On a tagged architecture, attempting to read a pointer value that
is not valid results in a runtime trap that will by default abort
the program. It is not necessary to dereference the pointer to get
a trap; attempting to read the value is enough.
A pointer-checking C++ runtime system could have the same behavior.
The original question was whether the code was guaranteed to
work. Any expression of the forms
p->data_member
p->func_member()
whether static or nonstatic data or function members, has undefined
behavior unless p points to an object of the appropriate type.
Even when accessing a static member, the standard requires that
the object-expression to the left of the "->" be evaluated, and
"a->b" is defined to mean the same thing as "(*a).b".
Undefined behavior means that there are no guarantees.
--
Steve Clamage, stephen...@sun.com
Alex Martelli
[snip]
>It's not a matter of style. A member function that does
>not do anything with the class instance upon which it
>must be called is plain stupid. It is likely to be inefficient
>and perplexing at the call site(s). Failing to declare it
>static is a way of confounding the purpose of the function
>that goes beyond mere style.
Personally, I rate it just about on a par with any
other function that does not use all of the parameters
that are passed to it (and C++ even includes an
extension to C to facilitate other cases of such
functions, i.e. unnamed parameters): i.e., pretty
normal in evolving code. Perhaps the function does
not use the parameter TODAY, but it used to, and
maybe will again -- meanwhile, one keeps the
parameter there; why make all clients recompile?!
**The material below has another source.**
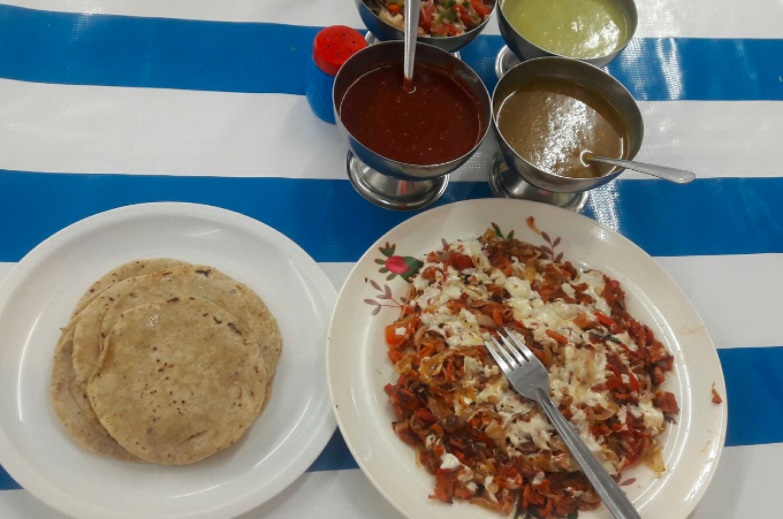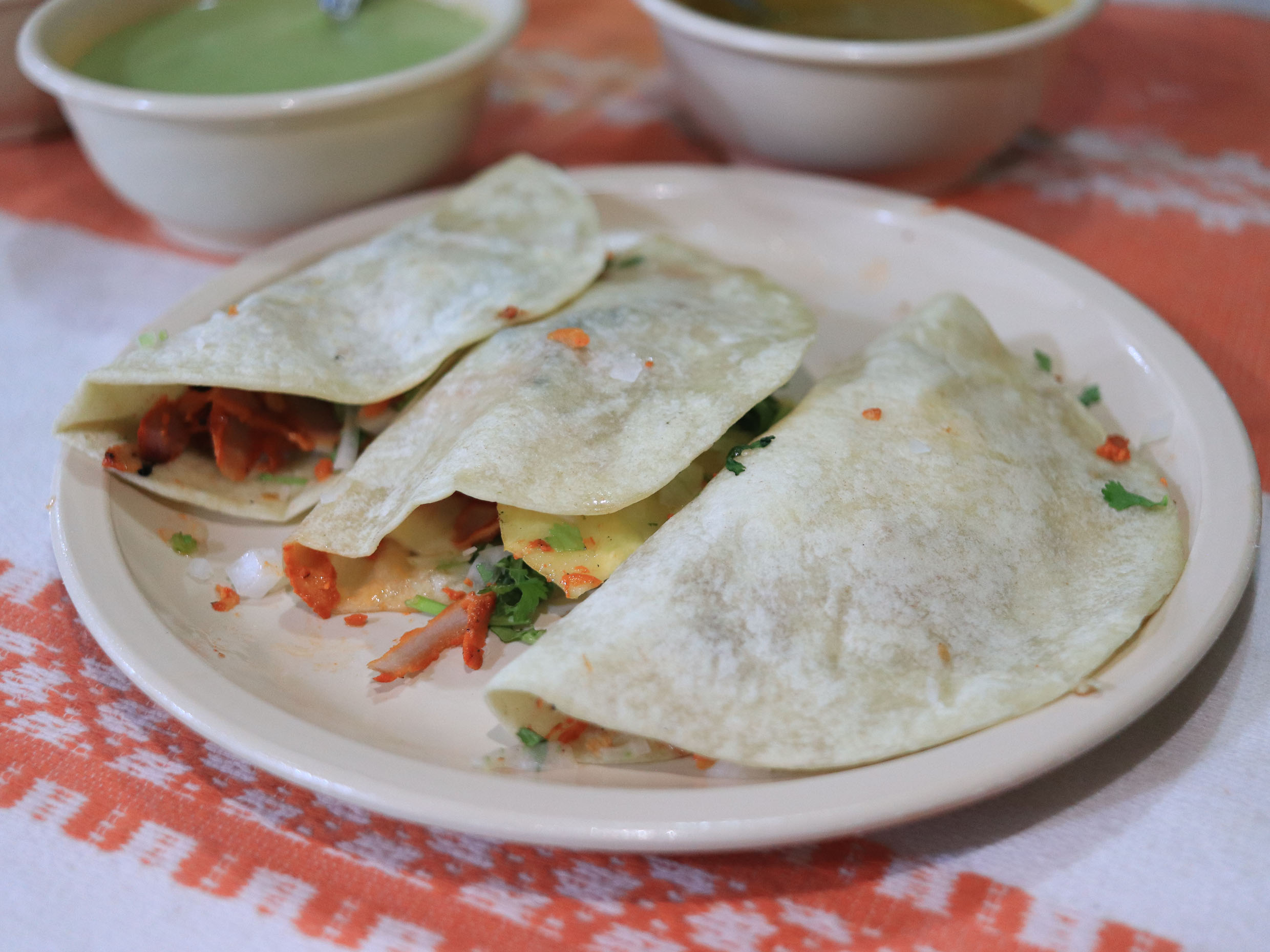 15 Tortillas, carne al pastor, cebolla, morrón, tocino, y quesillo. Plato personal

Not a very strong issue, but a frequent one.
Or perhaps, and this is a perfectly reasonable case
that also applies to completely stable code!, there
is a pointer-to-member somewhere, that must be
able to point to this function, or alternatively to
others; it is then quite reasonable to supply this
function with extra arguments it will not use (and
this includes the "this" pointer!), to "extend", so
to speak, its signature to that of the other functions
it must be interchangeable with. This may not be
a very frequent case, but it IS a very strong
argument for asserting that "plain stupid" is a
very unwise judgment to make for this idiom.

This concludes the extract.